In terms of starting to look through the list, it would be helpful to group these really bad nDOPE scores by superfamily and identify which superfamilies have the highest proportion of badly scoring S35 reps. For example, it would be good to know the superfamily ID, the number of S35 reps in the superfamily, the number of S35 reps with these bad nDOPE scores > 1, and then the proportion of the superfamily S35s with bad score counts.

Once these proportions have been ordered so that the superfamilies with the highest proportion of bad scoring S35 reps are at the top of the list, one method of analysis could then be to look into these 'worst' superfamilies first.

shouldsee commented 7 years ago

@nataliedawson Glad you find it useful.
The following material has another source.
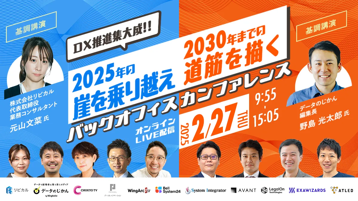 株式会社エイトレッドが、2025年2月27日(木)にオンラインで開催する「DX推進集大成!!2025年の崖を乗り越え2030年までの道筋を描くバックオフィスカンファレンス」。

Your suggestion sounds like basic aggregation of the data. I will happy to implement them in the near future, but for now I will be focusing on write SQL-like operation in Python's object oriented language. ---- The list was generated earlier with a mixture of bash and sql scripts, but I need to rewrite them in Python to render the database in structured HTML.

Also, as pointed out by @ilsenatorov , we do not understand exactly how nDOPE works and handle multiple fragments. This fact makes it hard to make sense of the nDOPE scores of some structures (tag with "why?" ). Thus it would be useful to establish some general routines to make sense of the nDOPE score. This task, nevertheless, should become easier with a better data browser.